Inequalities are used when a number is less than or greater than another value and will use one of the inequality signs:
< less than
≤ less than or equal to;
> greater than;
≥ greater than or equal to.
When used algebraically, the inequality will refer to a number, or range of numbers, which are either greater (or equal to), or less than (or equal to) a fixed value.
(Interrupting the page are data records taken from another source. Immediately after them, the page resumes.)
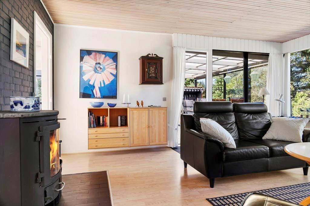 Seit 1968 steht dieses Ferienhaus hier in der schönen Umgebung, doch in der Zwischenzeit hat sich einiges getan. Es wurde im Laufe der Jahre sorgfältig gepflegt und modernisiert – unter anderem mit einem schönen Badezimmer mit Fußbodenheizung, bequemen Betten und viel Schrankplatz. Im Inneren sind die 74 m² Wohnfläche sinnvoll aufgeteilt in drei Schlafzimmer, das bereits erwähnte Badezimmer und einen schönen Aufenthaltsraum mit Wohnzimmer und offener Küche. Hier kannst du es dir auf den Sofas so richtig gut gehen lassen und den Brennofen anheizen, wenn es draußen kühl ist. Falls du gute Unterhaltung möchtest, kannst du auf dem Flachbildfernseher durch 30 Kanäle zappen, es sei denn, du möchtest einfach nur den Blick ins Grüne durch die großen Wohnzimmerfenster genießen.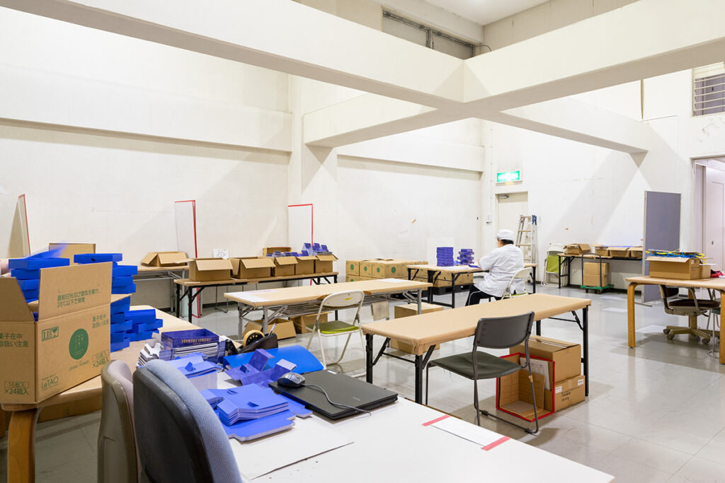 作業種としてはお菓子の化粧箱折りや袋たたみ等2~3種類の作業を納品日に合わせて展開しております。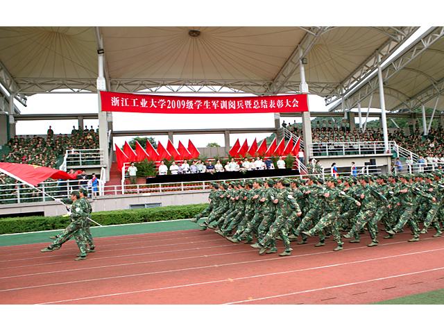 7月25日上午,我校分别在屏峰校区和之江校区举行了2009级学生军训阅兵暨总结表彰大会。军训师政委、校党委副书记何智蕴、副校长马淳安检阅了参训学生。军训师副政委张辉中校,驻训官兵,学校相关部门、体军部

This can be shown on a number line using lines and circles. If a circle is filled, then it is equal to or greater/less than the value. If the circle is not filled, then the value is not included. A line, with an arrow, shows the range of values. Three examples are shown below:
a) `x < 3`
b) `x ≤ 3`
c) `x ≥ -2`
Two inequalities can be applied to a value at the same time. On a number line, this would be represented by a line with a circle at each end. Show, on a number line, the values of `x` that satisfy `x > -3` and `x < 5`:
1. Show, on a number line, the inequality `x > 6`.
The greater than sign indicates that the values must be greater than 6, therefore the circle must not be filled. The arrow indicates that all numbers greater than 6 are included.
2. What inequality is shown by the number line, below?
Answer: `-5 ≤ x < 0`
`x` is greater than or equal to -5; and `x` is less than 0. Note that the filled circle indicates equal to or greater than; and the circle that is not filled indicates less than.